Nothing outside the stretch is wanted. Repeat exactly the lines of the listing below from the one that contains "有两种打法,一种是欧洛伦要切" through the one that contains "SKU: D2F5B 7914118840567", both ends included.

## The data
□ □ □ □

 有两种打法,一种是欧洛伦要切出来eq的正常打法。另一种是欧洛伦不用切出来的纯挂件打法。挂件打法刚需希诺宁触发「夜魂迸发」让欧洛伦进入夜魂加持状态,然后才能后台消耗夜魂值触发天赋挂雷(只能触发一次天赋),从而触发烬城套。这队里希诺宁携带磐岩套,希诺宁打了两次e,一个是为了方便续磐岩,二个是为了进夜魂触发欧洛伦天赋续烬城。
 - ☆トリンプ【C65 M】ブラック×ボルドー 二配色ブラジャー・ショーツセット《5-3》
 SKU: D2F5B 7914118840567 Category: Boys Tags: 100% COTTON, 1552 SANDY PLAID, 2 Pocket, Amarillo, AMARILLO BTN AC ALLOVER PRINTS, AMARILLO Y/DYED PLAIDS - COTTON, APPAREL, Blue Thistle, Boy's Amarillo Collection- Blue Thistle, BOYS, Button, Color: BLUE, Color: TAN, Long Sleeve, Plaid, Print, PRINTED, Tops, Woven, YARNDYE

□ □ □ □

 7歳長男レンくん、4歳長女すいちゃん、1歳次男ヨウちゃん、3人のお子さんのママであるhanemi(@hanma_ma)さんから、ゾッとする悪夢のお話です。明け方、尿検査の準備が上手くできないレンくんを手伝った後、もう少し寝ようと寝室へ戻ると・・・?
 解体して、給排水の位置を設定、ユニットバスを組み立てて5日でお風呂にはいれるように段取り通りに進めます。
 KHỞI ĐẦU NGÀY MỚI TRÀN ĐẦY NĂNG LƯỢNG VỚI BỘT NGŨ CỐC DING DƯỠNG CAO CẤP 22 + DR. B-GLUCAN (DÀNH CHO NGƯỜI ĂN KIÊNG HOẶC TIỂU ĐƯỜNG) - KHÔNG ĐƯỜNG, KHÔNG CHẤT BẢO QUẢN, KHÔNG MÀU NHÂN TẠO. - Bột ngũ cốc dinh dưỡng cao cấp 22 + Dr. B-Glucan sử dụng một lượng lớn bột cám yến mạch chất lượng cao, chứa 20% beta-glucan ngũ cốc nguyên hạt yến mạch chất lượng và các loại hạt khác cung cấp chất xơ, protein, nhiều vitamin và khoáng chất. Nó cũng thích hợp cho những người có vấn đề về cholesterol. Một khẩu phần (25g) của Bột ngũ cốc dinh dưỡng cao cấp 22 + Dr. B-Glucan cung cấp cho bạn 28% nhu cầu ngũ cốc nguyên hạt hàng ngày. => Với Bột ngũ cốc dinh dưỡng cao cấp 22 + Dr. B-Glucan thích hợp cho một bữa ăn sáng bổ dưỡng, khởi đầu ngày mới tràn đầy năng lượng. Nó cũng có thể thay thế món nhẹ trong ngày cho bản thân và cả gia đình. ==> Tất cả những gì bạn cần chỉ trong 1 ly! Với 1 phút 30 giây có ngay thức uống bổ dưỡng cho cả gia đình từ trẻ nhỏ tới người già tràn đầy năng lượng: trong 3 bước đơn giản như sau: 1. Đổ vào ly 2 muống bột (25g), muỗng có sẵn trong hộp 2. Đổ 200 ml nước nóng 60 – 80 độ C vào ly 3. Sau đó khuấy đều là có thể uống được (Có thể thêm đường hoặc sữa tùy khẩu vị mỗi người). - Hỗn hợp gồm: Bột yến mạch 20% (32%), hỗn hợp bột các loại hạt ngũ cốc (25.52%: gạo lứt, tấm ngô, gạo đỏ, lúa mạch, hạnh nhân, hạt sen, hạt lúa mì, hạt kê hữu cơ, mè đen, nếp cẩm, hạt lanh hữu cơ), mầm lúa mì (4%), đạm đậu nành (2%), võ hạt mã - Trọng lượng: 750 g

□ □ □ □

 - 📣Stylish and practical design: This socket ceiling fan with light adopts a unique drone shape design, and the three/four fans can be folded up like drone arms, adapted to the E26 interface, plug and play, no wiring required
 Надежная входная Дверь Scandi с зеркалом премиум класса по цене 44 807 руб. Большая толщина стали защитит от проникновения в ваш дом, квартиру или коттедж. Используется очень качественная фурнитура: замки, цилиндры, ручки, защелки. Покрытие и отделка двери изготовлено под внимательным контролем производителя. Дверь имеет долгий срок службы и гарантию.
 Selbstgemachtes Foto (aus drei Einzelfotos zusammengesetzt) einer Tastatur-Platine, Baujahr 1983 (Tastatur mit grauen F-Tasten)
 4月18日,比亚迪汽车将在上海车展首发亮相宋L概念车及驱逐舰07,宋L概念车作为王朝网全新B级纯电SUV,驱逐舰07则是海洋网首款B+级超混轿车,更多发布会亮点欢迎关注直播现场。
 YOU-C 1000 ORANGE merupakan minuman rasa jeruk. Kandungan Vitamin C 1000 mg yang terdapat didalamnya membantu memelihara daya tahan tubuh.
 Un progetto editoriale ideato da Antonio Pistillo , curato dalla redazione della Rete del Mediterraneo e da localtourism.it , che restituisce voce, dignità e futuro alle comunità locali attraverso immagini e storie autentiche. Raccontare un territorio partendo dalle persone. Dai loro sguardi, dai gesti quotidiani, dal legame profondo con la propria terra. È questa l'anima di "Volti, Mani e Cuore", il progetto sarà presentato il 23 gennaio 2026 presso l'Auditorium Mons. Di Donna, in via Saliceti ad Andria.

□ □ □ □

## Response below
 有两种打法,一种是欧洛伦要切出来eq的正常打法。另一种是欧洛伦不用切出来的纯挂件打法。挂件打法刚需希诺宁触发「夜魂迸发」让欧洛伦进入夜魂加持状态,然后才能后台消耗夜魂值触发天赋挂雷(只能触发一次天赋),从而触发烬城套。这队里希诺宁携带磐岩套,希诺宁打了两次e,一个是为了方便续磐岩,二个是为了进夜魂触发欧洛伦天赋续烬城。
 - ☆トリンプ【C65 M】ブラック×ボルドー 二配色ブラジャー・ショーツセット《5-3》
 SKU: D2F5B 7914118840567 Category: Boys Tags: 100% COTTON, 1552 SANDY PLAID, 2 Pocket, Amarillo, AMARILLO BTN AC ALLOVER PRINTS, AMARILLO Y/DYED PLAIDS - COTTON, APPAREL, Blue Thistle, Boy's Amarillo Collection- Blue Thistle, BOYS, Button, Color: BLUE, Color: TAN, Long Sleeve, Plaid, Print, PRINTED, Tops, Woven, YARNDYE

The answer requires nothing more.